Spermidine vs Resveratrol — two longevity bets that haven't paid off
Both have impressive yeast, worm, fly, and mouse data. Both have human trial bases that are smaller, shorter, and less impressive than the marketing implies. Resveratrol is the older bet — fifteen-plus years of human studies that have largely disappointed on the cardio-metabolic and longevity endpoints originally promised. Spermidine is the newer bet, with autophagy-induction as its mechanistic story and a small but growing trial base. Both belong in the "interesting science, weak human translation" category — and both are sold as if they were Tier 1 anti-aging compounds.
Quick verdict
| Goal | Better choice | Why |
|---|---|---|
| Demonstrated longevity / lifespan effect in humans | Neither | No supplement has demonstrated lifespan extension in humans. Both have only observational/preclinical signals. |
| Cardiometabolic improvement (lipids, glucose, BP) | Resveratrol (modest) | Some trials show small effects on inflammatory markers and modest BP/glycaemia signals; larger RCTs have been disappointing. |
| Cognitive aging / memory | Spermidine (very modestly) | The Schwarz 2018 SmartAge pilot suggested cognitive benefit in older adults at risk of dementia; replication is needed. |
| Inflammatory markers (CRP, IL-6) | Resveratrol (small) | Meta-analyses show modest CRP reduction; clinical relevance unclear. |
| Hair growth / skin aging | Both have weak signals | Topical resveratrol has small skin signals; spermidine's hair-growth data is preliminary. |
| "I want to feel younger / live longer" | Sleep, exercise, weight, social connection | The actual longevity literature in humans is much more about lifestyle than supplements. |
How they compare on the things that matter
Mechanism — sirtuins vs autophagy, both contested
Resveratrol's original story was sirtuin activation — particularly SIRT1 — which would mimic some of the effects of caloric restriction in extending healthy lifespan. The mechanism has held up poorly under scrutiny: subsequent work suggests resveratrol's effects on SIRT1 in early studies may have been an artefact of the fluorescent assay used. The compound has real biological effects (anti-inflammatory, modest insulin-sensitising in some preparations), just not via the cleanest sirtuin story.
Spermidine's story is autophagy induction — promoting the cellular self-cleanup process that degrades damaged proteins and organelles, which has solid mechanistic support as a longevity-relevant pathway. The mechanism of oral spermidine in humans is less clear because spermidine is also produced endogenously and by the gut microbiome; whether oral supplementation meaningfully changes systemic spermidine status above what the gut microbiome already provides is contested.
Evidence base by clinical endpoint
- Hard longevity endpoints (mortality): Neither has demonstrated mortality reduction in humans.
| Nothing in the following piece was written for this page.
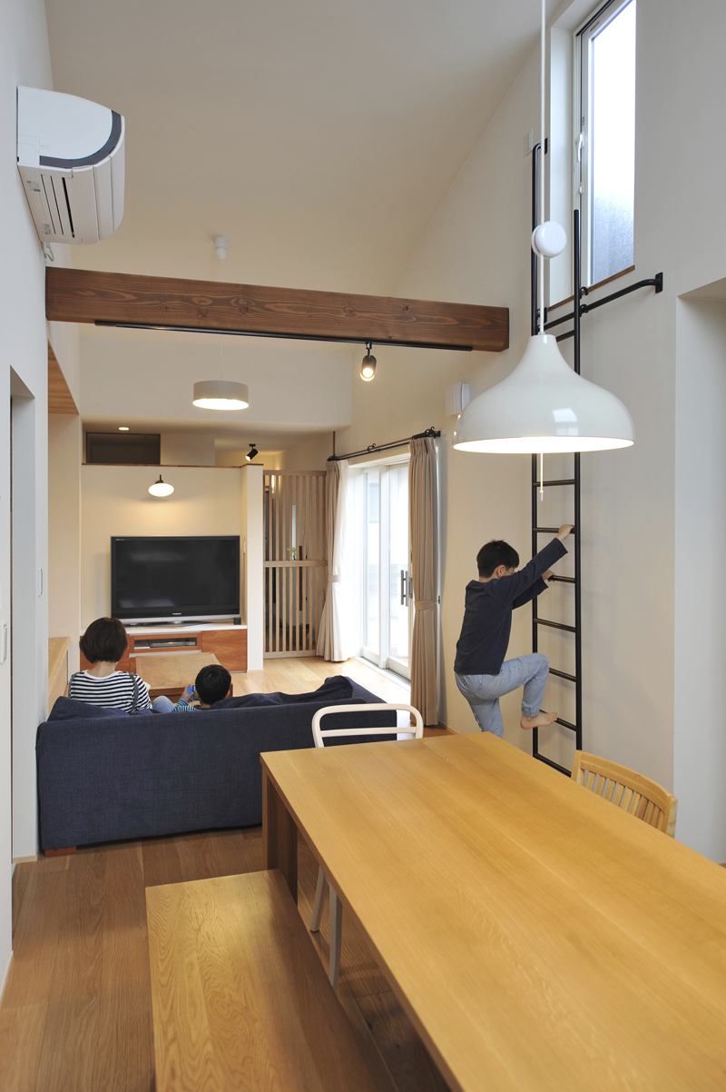 特に子世帯は、景色の良い西側に大きな開口を設け、天井をリビングからダイニングにかけてメガホン状に高くして外に向かって広がる空間を演出しつつ、中庭に面したリビングの壁は大きくアルコーブ(壁面の一部をくぼませてつくった空間)をしつらえ、落ち着ける空間になるように工夫しています。アルコーブはソファーとして子どもたちの格好の遊び場になっており、下部はキャスター付きの収納になっているのでおもちゃなどもすぐに片付きます。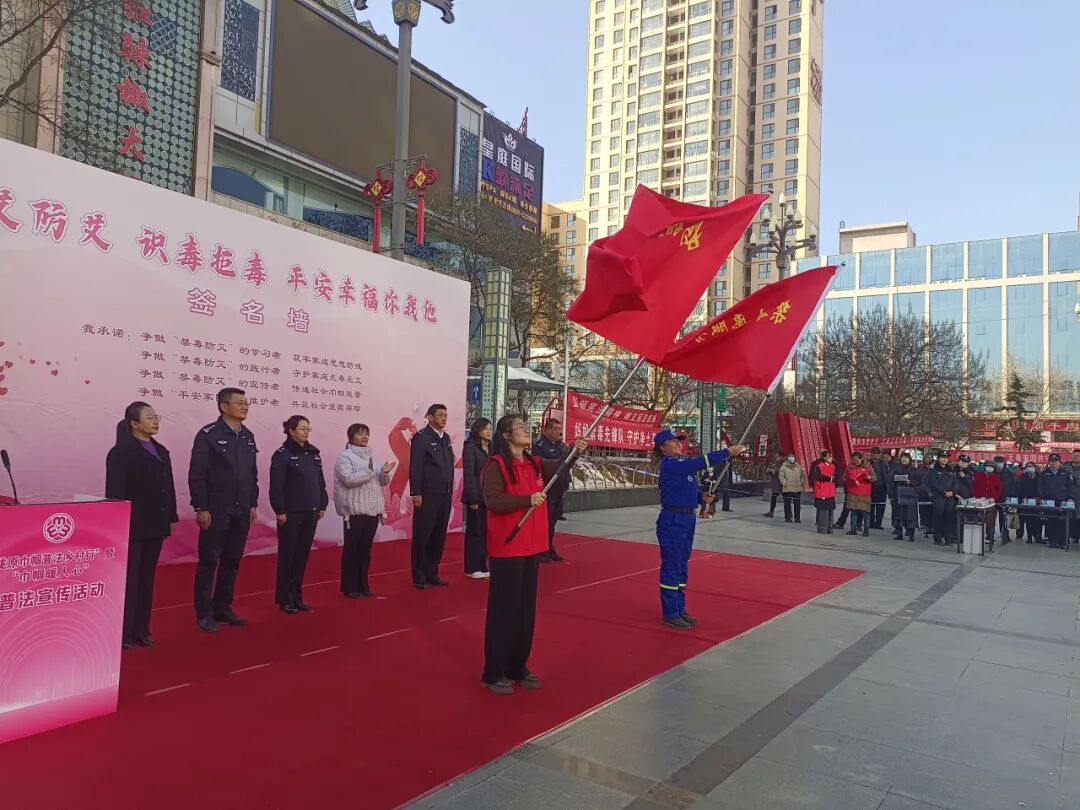 为深入学习贯彻习近平法治思想,在第38个“世界艾滋病日”、“12·4”国家宪法日、“12·5”国际志愿者日来临之际,省妇联联合省禁毒办、省女子强制隔离戒毒所在兰州市榆中县举办“陇原巾帼普法乡村行”禁毒防艾普法宣传活动。省妇联、省禁毒办、省女子强制隔离戒毒所相关领导,兰州市、榆中县妇联及禁毒办相关负责人,县委宣传部、社会工作部、政法委、法院、检察院、公安局、司法局等相关单位以及巾帼志愿者、群众代表等300余人参加活动。

Both have observational signals from food-intake studies (Mediterranean diet wine intake; spermidine-rich food intake) — confounded by everything that food intake patterns reflect.
- Cardiovascular: Resveratrol has been disappointing in larger RCTs. Some signals on endothelial function, blood pressure, and lipids; effects are small and inconsistent across preparations.
- Glycaemic control: Resveratrol meta-analyses show small HbA1c improvements in T2D; effect size is meaningfully smaller than berberine or metformin.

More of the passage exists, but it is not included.